It seems a day doesn’t pass where I don’t see an article about some family or firm dumping their active manager or hedge funds for passive, buy and hold investments.
In fact through July 2016, hedge funds had seen seven years of under performance and a record $200 billion+ in outflows so far in 2016.
According to Bank of America’s Savita Subramanian, “over the last several years, we have observed an accelerating trend of flows out of active funds into passive vehicles. Price sensitivity of investors to fees, coupled with poor performance trends, have conspired against active funds, and year-to-date flows out of active have reached a post-crisis high.”
Now as many of you know, we are mostly an active shop. We have strategies that are passive in nature, but even those strategies have active overlays.

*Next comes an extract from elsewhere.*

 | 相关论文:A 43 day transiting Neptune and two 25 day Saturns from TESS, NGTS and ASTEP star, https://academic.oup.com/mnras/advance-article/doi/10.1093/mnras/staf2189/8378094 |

There is also no doubt that the last seven+ years have been a challenge for us and others as repeated interventions in the markets by Central Bankers have dampened volatility and wreaked havoc with active manager models and technical signals.
However, what I see now from investors is more of a full scale stampede into passive strategies. They believe they are doing the right thing to reduce management fees and while maximizing returns in this managed market.

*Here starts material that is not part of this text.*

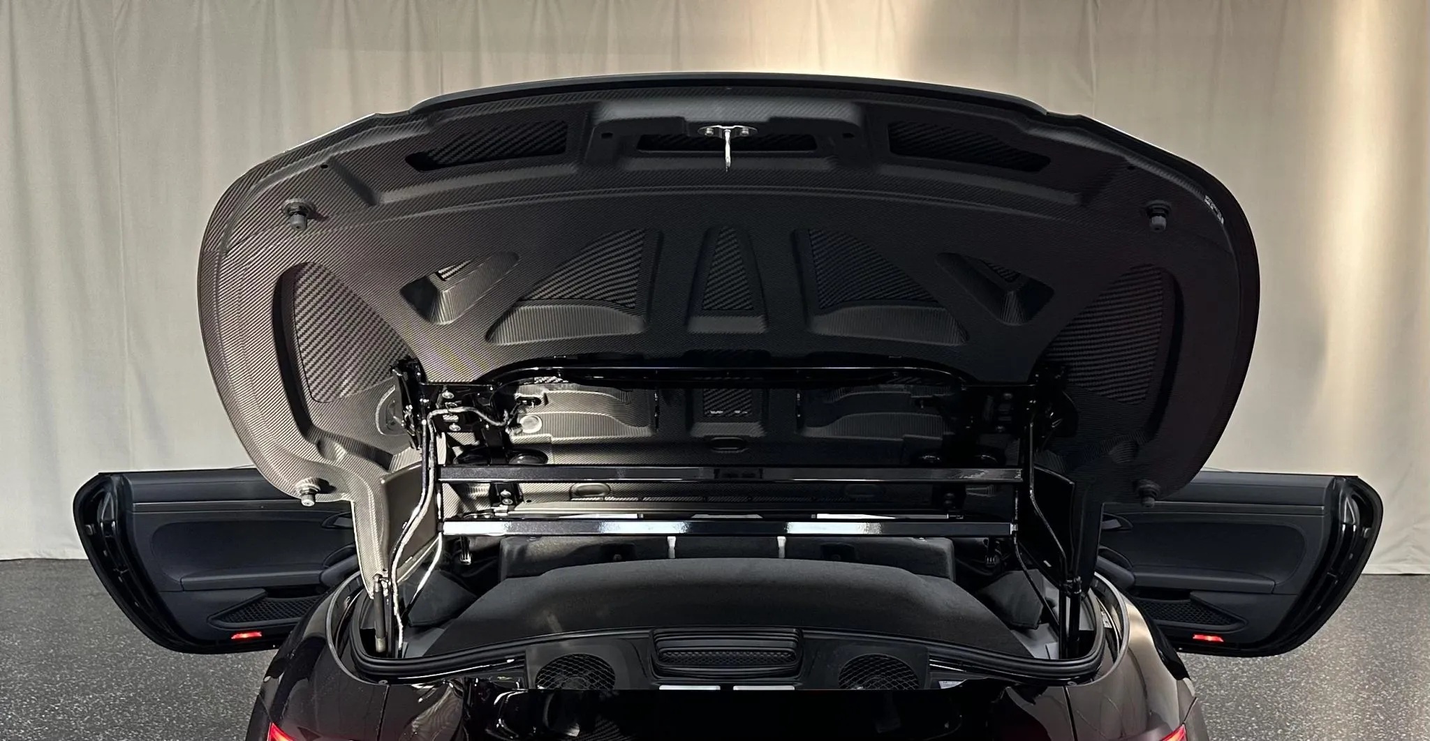 The interior features carbon-fiber full bucket seats trimmed in black leather extending throughout the cabin, complemented by carbon-fiber accents. Equipment includes the Chrono Package, Bose sound system, illuminated carbon-fiber door sills, Voice Control, auto-dimming mirrors, Light Design Package, fire extinguisher, PCM with navigation, dual-zone climate control, and cruise control.

However, I believe this to be the equivalent of an entire ship load full of passengers shifting to the same side of the boat and not expecting the boat to capsize into the cold blue ocean.
This “load shifting” as it is called in the transportation industry has actually increased risk and put them all on the same side of a dangerous trade.
This type of investor behavior has a name. It is called “Recency Bias.
According to DaveManual.com, Recency Bias is the phenomenon of a person most easily remembering something that has happened recently, compared to remembering something that may have occurred a while back.
In our case, investors have forgotten the Bear Markets of 2000 – 2003 and 2007 – 2008 and instead focused on the pain of under performance in recent years and are therefore setting themselves up for disappointment.
The average bull market length since 1937 has been 39 months or less than four years. This current bull is now the third longest in history at 91 months.
What are the odds this one continues significantly longer? I would say slim to none given the slowdown in growth we are already seeing globally.
Most astute investors would agree that we are in one of the greatest market bubbles of all time. The last time we had such a bubble in 2007-2008, stock markets dropped by some 39% as measured by the S&P 500 index.
It is therefore likely, that this next Bear Market could be at least as big. Wouldn’t you agree?
Finally, most active managers do substantially better than passive managers in a bear market. We are trend followers here by nature and that is the only strategy that tends to not-correlate with traditional market strategies.
In English this means a pure trend following strategy should make money when others lose money in a bear market. I use the word “pure” because very few of our strategies are “pure” trend following and therefore our expectation is just to sidestep losses not necessary to make money in a bear market.
However, in either case, the bear market is the equalizer. In a bear market, passive strategies will get hammered and active strategies should do relatively better. This relative out performance should equalize the active vs. passive long-term performance.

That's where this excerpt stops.